Schadensersatzansprüche aus positiver Forderungsverletzung, aus Verschulden bei Vertragsschluß und aus unerlaubter Handlung sind sowohl gegen den Verkäufer als auch gegen dessen Erfüllungs- bzw. Verrichtungsgehilfen ausgeschlossen, soweit nicht vorsätzliches oder grob fahrlässiges Handeln vorliegt. Dies gilt auch für Schadensersatzansprüche wegen Nichterfüllung, allerdings nur insoweit, als der Ersatz von mittelbaren oder Mangelfolgeschäden verlangt wird, es sei denn, die Haftung beruht auf einer Zusicherung, die den Käufer gegen das Risiko von solchen Schäden absichern soll. Jede Haftung ist auf den bei Vertragsschluß vorhersehbaren Schaden begrenzt.

§ 12 Montagearbeiten

Die Montage erfolgt – sofern eine solche vereinbart ist – auf Kosten und Regie des Bestellers. Als Grundlage für Montageverträge gelten unsere separaten Montagebedingungen. Fällt ein Monteur wegen Krankheit oder höherer Gewalt unvorhergesehen aus, kann ein „nahtloser Ersatz“ nicht gewährleistet werden.

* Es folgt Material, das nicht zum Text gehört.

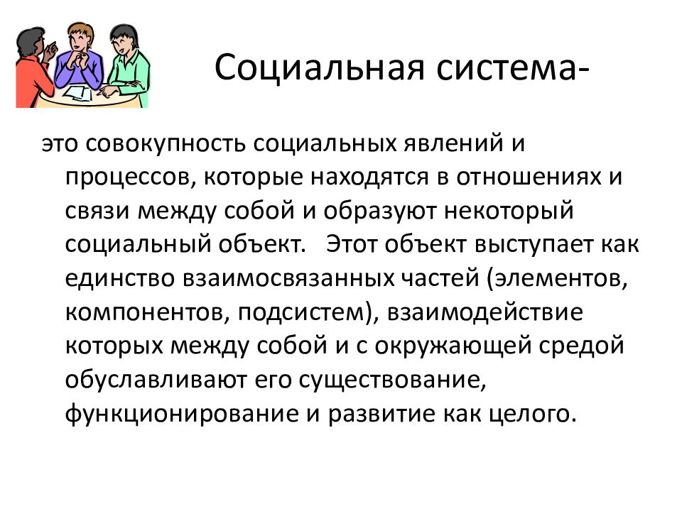 это совокупность социальных явлений и процессов, которые находятся в отношениях и связи между собой и образуют некоторый социальный объект. Этот объект выступает как единство взаимосвязанных частей (элементов, компонентов, подсистем), взаимодействие которых между собой и с окружающей средой обуславливают его существование, функционирование и развитие как целого.
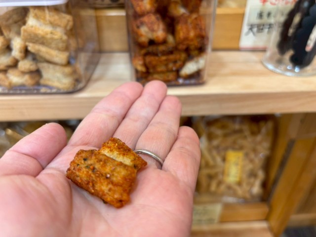 店に足を踏み入れた瞬間、まず目に飛び込んでくるのは、ずらりと並んだ試食。ほぼ全部が試食できるという太っ腹ぶりで、せんべい、あられ、おかきなど気になる商品を自由にお試しできる。

§ 13 Anwendbares Recht, Gerichtsstand, Teilnichtigkeit

Beide Parteien erkennen für die Auslegung dieses Vertrages und in Bezug auf Streitigkeiten aus diesem Vertrag sowie aus Verträgen, die mit diesem Vertrag in Zusammenhang stehen, das Deutsche Recht an, und zwar das Deutsche Prozessrecht und das Deutsche materielle Recht, insbesondere BGB, HGB und das Gesetz über den internationalen Kauf beweglicher Sachen, soweit die vorliegenden Bedingungen nichts abweichendes bestimmen. Sollte eine Bestimmung in diesen Geschäftsbedingungen oder eine Bestimmung im Rahmen sonstiger Vereinbarungen unwirksam sein oder werden, so wird hiervon die Wirksamkeit aller sonstigen Bestimmungen oder Vereinbarungen nicht berührt. Gerichtsstand für beide Teile ist Rockenhausen.